コンクリートの製造において、粗骨材の選定はワーカビリティーや単位水量に大きな影響を与えます。特に、最大寸法が大きい粗骨材を使用すると、必要な単位水量が少なくなるという認識がありますが、砕石と砂利での違いに関しては意外と複雑です。本記事では、砕石と砂利の特徴を踏まえ、粗骨材の総表面積と単位水量との関係について解説します。
粗骨材とワーカビリティーの関係
コンクリートのワーカビリティーを決定する要因の一つは、骨材の種類とその最大寸法です。最大寸法が大きければ、セメントペーストが少なくても済み、ワーカビリティーを維持できるとされています。骨材の総表面積が小さければ、セメントペーストの接する面積が少なくなり、その分水分を減らすことができます。これは理論的に、骨材の表面積と水分量の関係に基づいています。
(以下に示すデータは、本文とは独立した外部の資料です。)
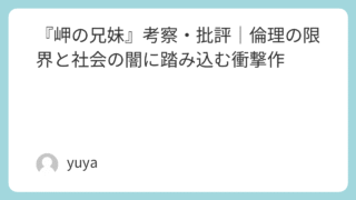 『岬の兄妹』考察・批評|倫理の限界と社会の闇に踏み込む衝撃作 2019年に公開された片山慎三監督の『岬の兄妹』は、障害を持つ兄妹の過酷な現実を通して、社会の矛盾や倫理の限界を容赦なく突きつける衝撃作です。描かれるのは「普通」から遠く隔たった生活と、選択肢なき選択。観る者に強烈な問いを残すこの作品を、複... 2025.09.23 Uncategorized

一方で、粗骨材の種類によって、この理論がどのように作用するかは異なります。例えば、砕石と砂利を比較すると、同じ最大寸法でも、水分の必要量が異なることがわかります。
砕石と砂利の違いとその影響
砕石は一般に、砂利に比べて表面が粗く、ゴツゴツした形状をしています。このため、砕石の方が総表面積が大きくなり、接するセメントペーストも多くなるため、単位水量が増えることが多いです。これは、表面が不均一であるため、水分が保持されやすくなるためです。
対照的に、砂利は比較的滑らかな表面を持ち、粗骨材の総表面積が砕石よりも小さいため、接するセメントペーストの量が少なく、水分の必要量も減少する傾向があります。
単位水量は表面積で決まる
粗骨材の単位水量は、最大寸法だけではなく、その骨材の表面積にも大きく影響されます。単に「最大寸法が大きいから水量が少なくなる」と考えるのではなく、骨材の表面積が水分の必要量にどれだけ影響を与えるかを理解することが重要です。
実際のコンクリート製造において、表面積が大きい粗骨材(例えば砕石)の使用により、必要となる水量は増加することがあります。これに対し、滑らかな表面を持つ骨材(例えば砂利)では、単位水量が比較的少なくて済むため、作業性やワーカビリティーに影響を与えることがあります。
まとめ
コンクリートの単位水量は、最大寸法だけでなく粗骨材の表面積にも関係しており、砕石と砂利ではその特性が異なります。砕石は表面が粗く、総表面積が大きいため水分を多く必要とし、砂利は比較的滑らかで水分を少なくする傾向があります。このため、単位水量の調整には粗骨材の選定が重要であり、最大寸法とともに骨材の表面積を考慮することが求められます。